This is a fun personal project I have wanted to do for about a year. I hope you can find this entertaining and informative if you are curious about how to train RNNs (LSTMs and GRUs) on custom, multi-input/output sequential data using the Wolfram Language.
Here are some songs the models from this project have generated (after feeding a single random note as a seed):
Pretty musical, right?!?!
And I here is the 192-node LSTM model if you want to generate your own music! (see below for "Output Prediction" instructions)
ML has recently gained a lot of traction in the fields of language modeling and sequential data processing / understanding. There are already examples of how to use machine learning (Recurrent Neural Network/ RNN) for English language modeling in the Wolfram Documentation. In this project, I take this simple RNN sequential data modeling approach and apply it to slightly more complex music data.
Howl (GitHub link) is a Wolfram Language / Mathematica library I made for converting .mid files into sequential musical note numeric data and training ML models on that data.

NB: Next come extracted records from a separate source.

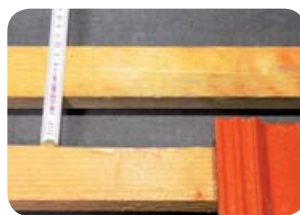
Obr. 1 - Poloha mezilatě pro montáž držáků

Důležité upozornění: Nad sněholamem musí být rozmístěny protisněhové tašky s hákem podle příslušného schéma v závislosti na sklonu střechy a charakteristické hodnotě s_k (dříve základní tíha sněhu s_0 ).
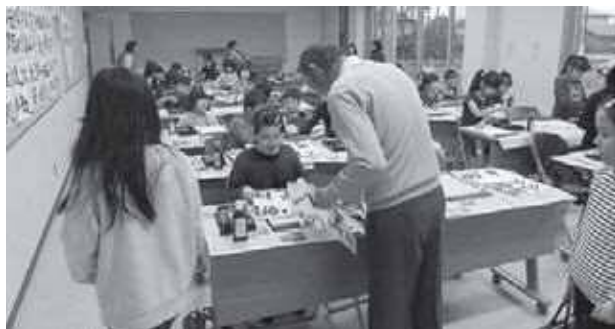
丁寧に書けてるね「習字教室」
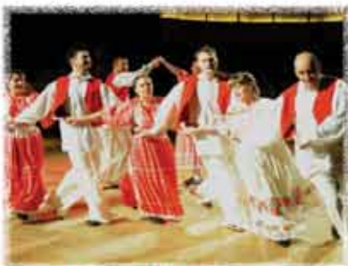
FS HKD GORNJI ČETARCI
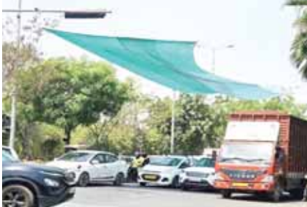
लाईट व यातायात ठहराव के दौरान यातायात पुलिस कर्मी व आमजन सीधी धूप के सम्पर्क में आने से बचे रहे हैं व उनके स्वास्थ्य पर हानिकारक प्रभाव न पड़े।

इस समय लगातार भीषण गर्मी पड़ रही है और तापमान 45 के पार जा चुका है। हीट वेव के चलते लोग घरों से कम बाहर निकल रहे हैं। अब ऐसे में नोएडा पुलिस ने भी लोगों को गर्मी से निजात दिलाने के लिए नई पहल की है। नोएडा पुलिस कमिश्नर लक्ष्मी सिंह के दिए गए निर्देशों के क्रम में ट्रैफिक पुलिस ने एक नई पहल की है। इसके अंतर्गत ऐसे चौराहों, जहां पर दोपहियां वाहनों की संख्या बहुत अधिक है और रेड लाइट पर बहुत देर तक रुकना पड़ता है। ट्रैफिक को दबाव के कारण उनको भीषण गर्मी से राहत दिलाने के लिए चौराहों व रेड लाइट के पास ग्रीन नेट की व्यवस्था की जा रही है। इससे रेड
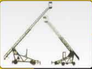
نردبان کشویی ۱۲، ۷ و ۱۶/۵ متر

This library has a lot of utilities for loading Midi files, performing data augmentation for training on musical notes, and a ton of other things I needed to complete this project.
The library also has a script called trainRnn.wls
that I use for training a recurrent network (currently an LSTM net).

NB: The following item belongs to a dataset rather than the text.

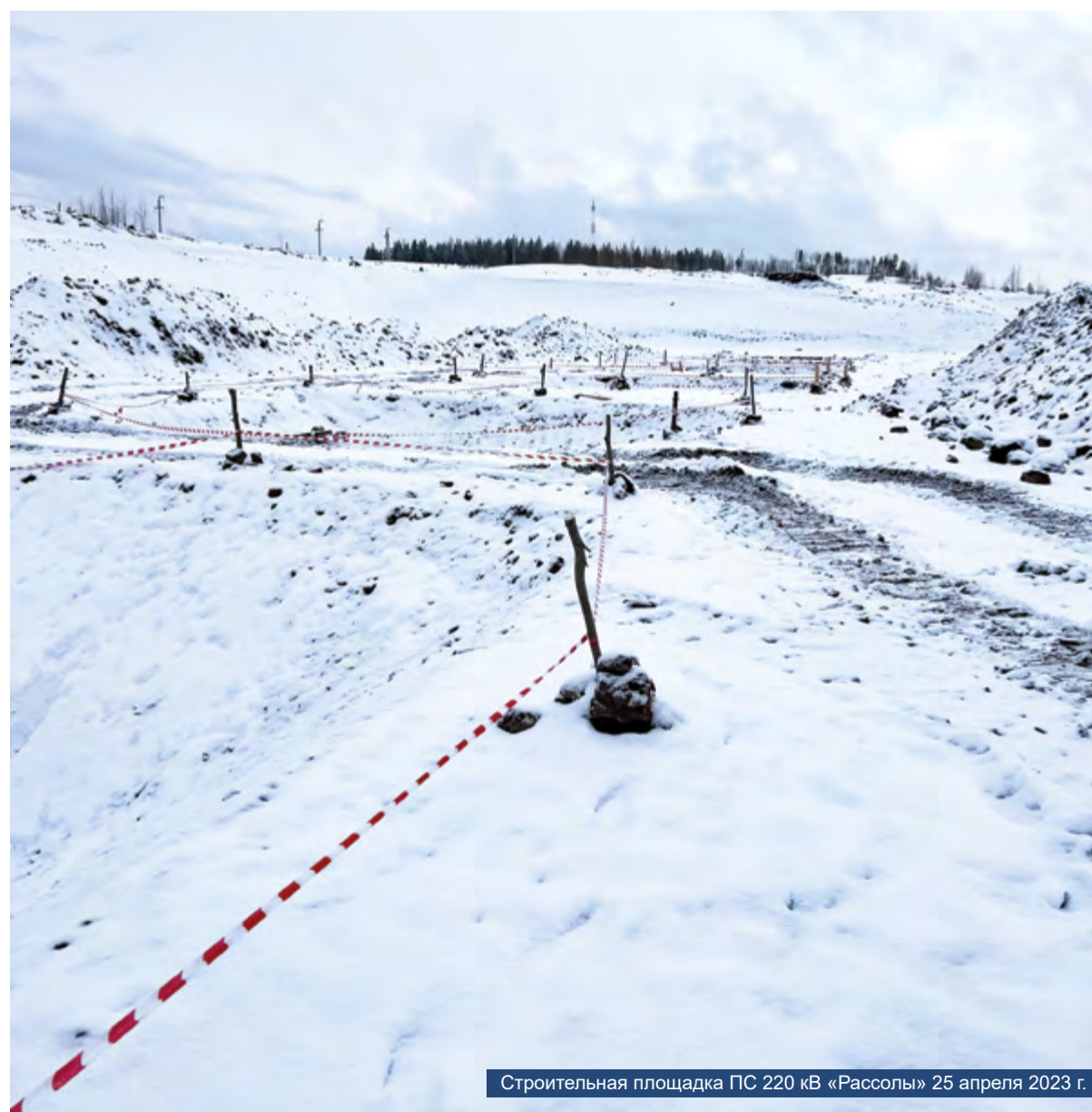
Строительная площадка ПС 220 кВ «Рассолы» 25 апреля 2023 г.

Оператор — Иркутская нефтяная компания (ИНК), для которой Ярактинское месторождение является основным — здесь добывается примерно 80 % углеводородного сырья компании. Держатель лицензии на разработку Ярактинского месторождения — ОАО «Усть-Кутнефтегаз» (дочернее предприятие ИНК).

See the available functions in the HowlMidiTools library: (GitHub Link)
Before we can start training, you must gather the data you want to train on. There are several large MIDI file datasets you can use to start with, or you can build a dataset using MIDI songs from your favorite creators around the internet. I built my dataset from a collection of my favorite piano scores from musescore.
You want a lot of different .mid files so the network you train cannot simply memorize all of your training data and instead has to perform some amount of information generalization. Our data augmentation strategy helps with this, but it will not completely solve the issue of having too little data. I have found that 150 songs is acceptable when using smaller RNNs.
Once you have a folder with .mid files, you can use the Howl library to load those midi files and convert them into sequential numeric data.
To load the functions exposed by the Howl library, simply run:
SetDirectory["Howl"]; (* Wherever the git repo is *)
<< "Howl/HowlMidiTools.wl"
To generate a dataset for training from a folder containing .mid ("MIDI") files, you can simply run:
datasetPath = "/path/to/my/.mid/files";
dataset = Map[HowlMidiImport, HowlFindMidis[datasetPath]];
Length[dataset]
This will take around 3 seconds per midi file, so be sure to save the dataset to a file afterwards:
Export["datset.wxf", dataset]
Next, I use this dataset file to perform training using the trainRnn.wls script.
First, copy your dataset.wxf
file to the Howl/Scripts/
folder of the Howl GitHub project, then run the following in your command line in the same Howl/Scripts/
folder to perform training:
wolframscript -f trainRnn.wls
I have found that the notebook interface will slow down and crash during training on windows (maybe due to the number of batches or doing cpu-intensive minibatch generation?), so using the wolframscript CLI is highly recommended.
By default, the training time is 12 hours and the training device is set to GPU, but you can change this in the NetTrain function of the script.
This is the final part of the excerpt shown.